Achievements.
Associate Professor Tiffany Shellam has won the Margaret Medcalf award for her article: ‘The collective Nyungar heritage of an orphan letter’, published in the Journal of Colonialism and Colonial History, (2019, vol.20). This award recognizes ‘excellence in referencing and research in the use of State Archives held by the State Records Office of Western Australia.
Dr. Filip Slaveski, with colleagues from Deakin University, Indiana University, and the National Academy of Sciences of Ukraine, has been awarded $245,532 for their ARC project, ‘The Last Soviet Famine, 1946/47: Drought and food crises in war’s aftermath.’ This project aims to increase our understanding of the relationship between drought and famine by analysing the most recent, though least understood famine in Soviet and Modern European History.
Publications.
Professor David Lowe’s article, ‘New Zealand and the Colombo Plan in the long 1950s’ has been published in History Australia. You can read it in full here.
Dr. Carolyn Holbrook‘s article, ‘Screening Anzac: Anzac-themed Television in Australia and New Zealand during the First World War Centenary’, has been published in Journal of Australian Studies. You can read it in full here.
Book Reviews.
Emeritus Professor Peter Edwards’ book, Law, politics and intelligence: a life of Robert Hope, has been reviewed by John Blaxland for Intelligence and National Security and by Mark Thomas for The Canberra Times.
Interview.
Professor Matthew Ricketson has interviewed Lesley Blume, author of Fallout: The Hiroshima cover-up and the reporter who revealed it to the world. Blume’s book not only reveals much normally hidden from view about the making of journalism but tells us a lot about the extent to which the United States government and General Leslie Groves, the Manhattan Project’s head, manipulated the press, and sought to control what people learnt about the bomb’s effects.
Australian Policy and History.
Conference.
On 25 November, the Australian Policy History Network and National Security College, ANU co-hosted a one-day conference on ‘Concepts of National Security: Australian and international perspectives’. The program was shaped largely by David Lowe and Carolyn Holbrook, and featured papers from Eckart Conze (Phillips Marburg, Germany), Sylvester Johnson (Virginia Tech, US), David Ekbladh (Tufts, US), and Peter Edwards, Ian Kemish , Carolyn Holbrook, all CHRG members, and Deakin colleagues, Ian Warren and Peter Ferguson. Sue Thompson and Rory Medcalf from the National Security College were also speakers, and long-standing supporters of the Australian Policy and History network, Nicholas Brown and Frank Bongiorno (both ANU) were panellists, along with David Lowe, Joan Beaumont, Matthew Ricketson and Mia Martin Hobbs, from CHRG.
The conference provided a strong launch pad for the new research project ‘A conceptual history of Australian national security’ led by David Lowe and Carolyn Holbrook, with Eckart Conze.
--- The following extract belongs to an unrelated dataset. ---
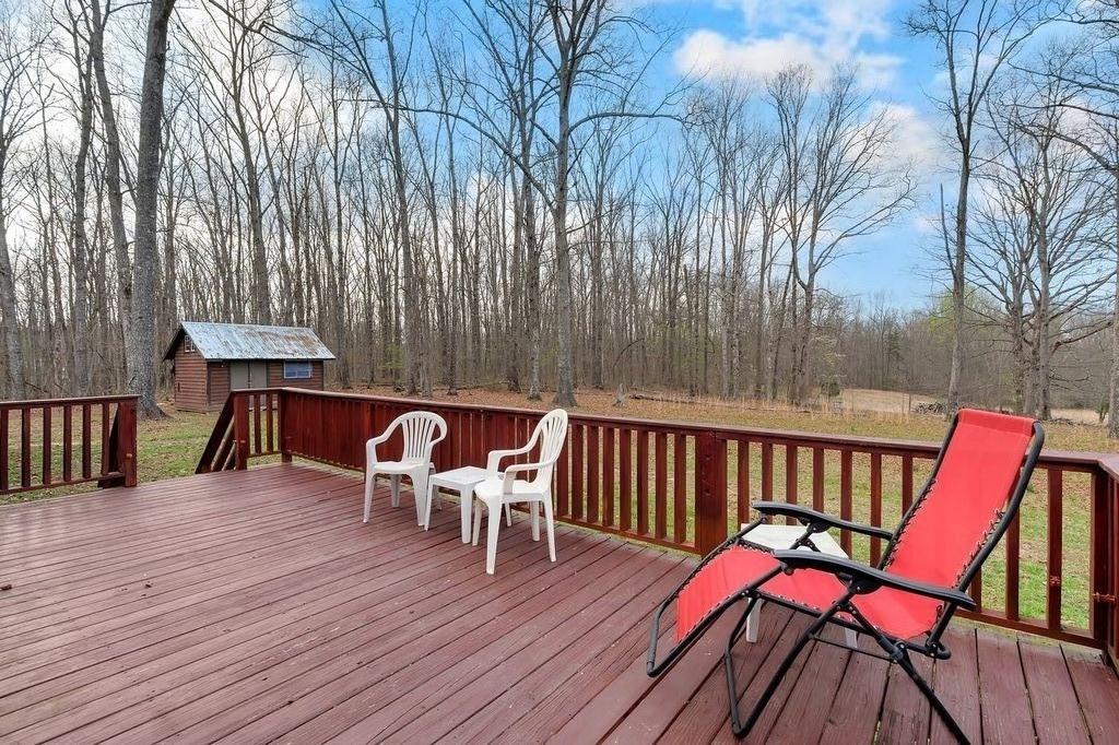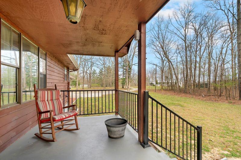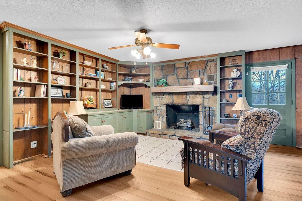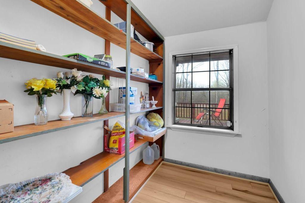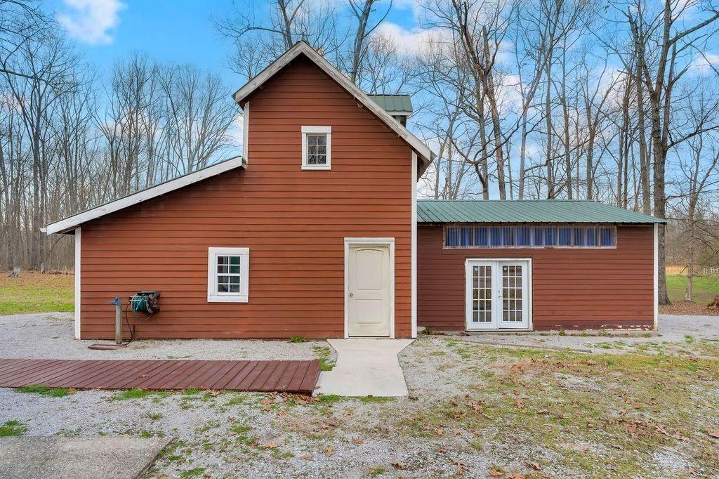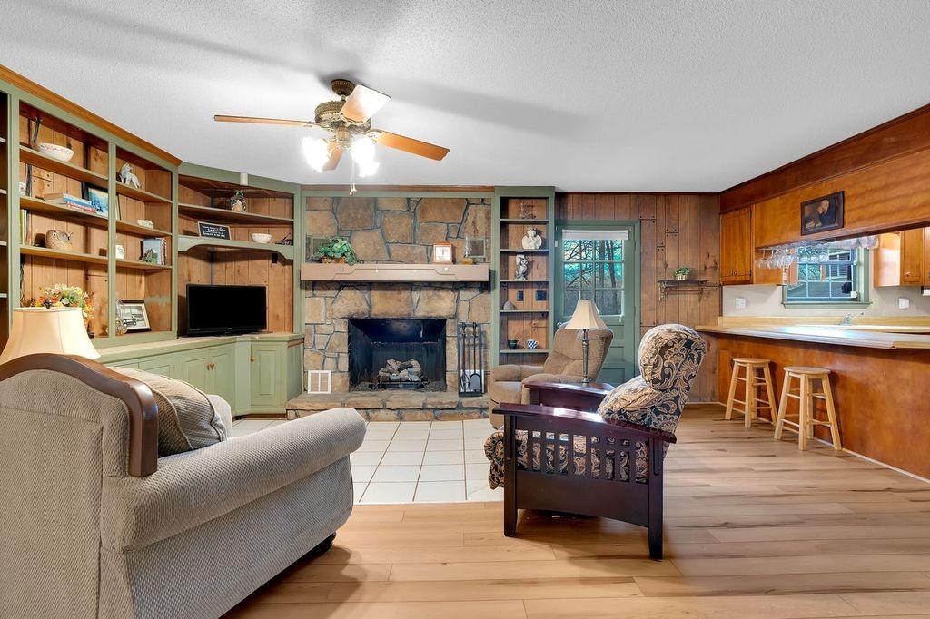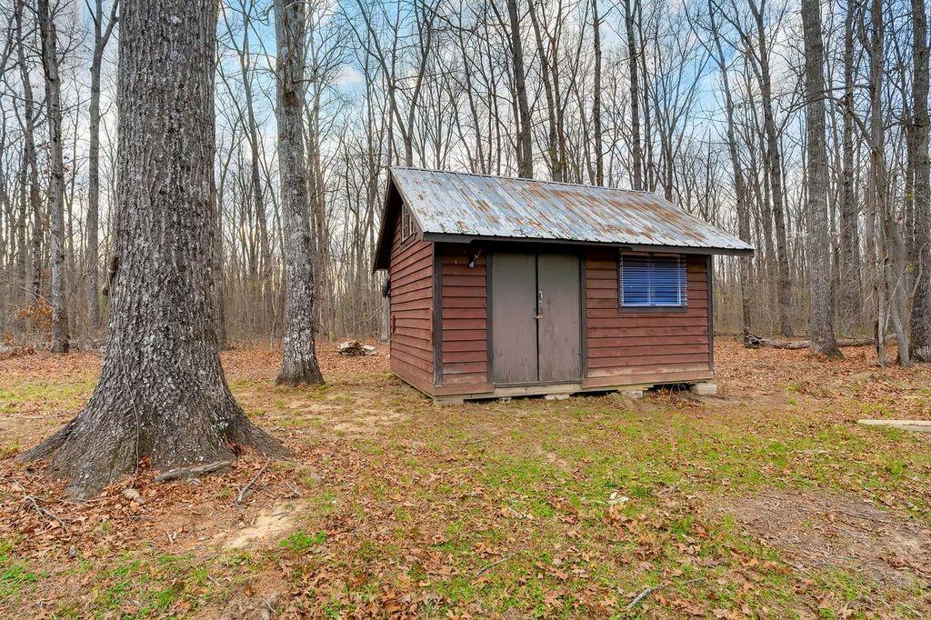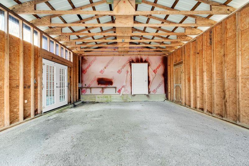 The home is set back from the road and this property has so many options for you! Plenty of sunny space for a garden and a huge workshop for all your projects! Home has an open floor place and a beautiful stone fireplace in the living room and tons of built in storage plus bookcases surround it. Large walk in pantry is just off the kitchen with a build in hutch and shelving, oversize laundry room and a mud room just off the double garage. Main bedroom has a big walk in closet and bath attached. There are 3 bedrooms and two baths plus front porch and a big rear deck. Home faces the side so you can enjoy your porch and deck looking into the woods. The workshop/barn has water and electricity plus separate storage areas for gardening and workshop things plus there is a large loft area as well. It also has another double garage attached to it, you have space for 4 plus cars and trucks to be covered and enclosed. There is also a small storage building on the property in the rear of the home.

This has just been awarded $233,300 for 2021-23 as an ARC Discovery Project.
Publications.
Academics have been busy in the last few years calling out ham-fisted analogies between Donald Trump and Adolf Hitler, and the contemporary United States and 1930s Germany. It’s easy to laugh at clumsy historical references, but harder to make informed judgements about the validity or otherwise of these references. In APH’s latest article, Dr Mathew Turner applies his expert knowledge of Weimar Germany to assess how viable these comparisons are.
Kama Maclean’s new book, British India: White Australia, examines the history of the relationship between the two nations. In this interview with Dr Joanna Cruickshank, Kama explains how the treatment of Indian students in Australia during the COVID pandemic bears some resemblance to the difficult experiences of earlier generations of Indians living in Australia under the White Australia Policy.
Australians’ involvement in overseas conflicts has been in the news again recently, with the release of the Brereton report into alleged soldier atrocities in Afghanistan. Dr Effie Karageorgos reviews Peter Yule’s new book about the effect of war service on Vietnam veterans and their families. Yule shows how issues such as Agent Orange and PTSD have echoed through lives and generations. And in a conclusion that reverberates today, Yule writes: ‘‘if we cannot afford to be generous to servicemen and women who returned damaged by war, then it is utterly wrong to send then to fight in civil wars in distant lands when there is no direct threat to Australia’.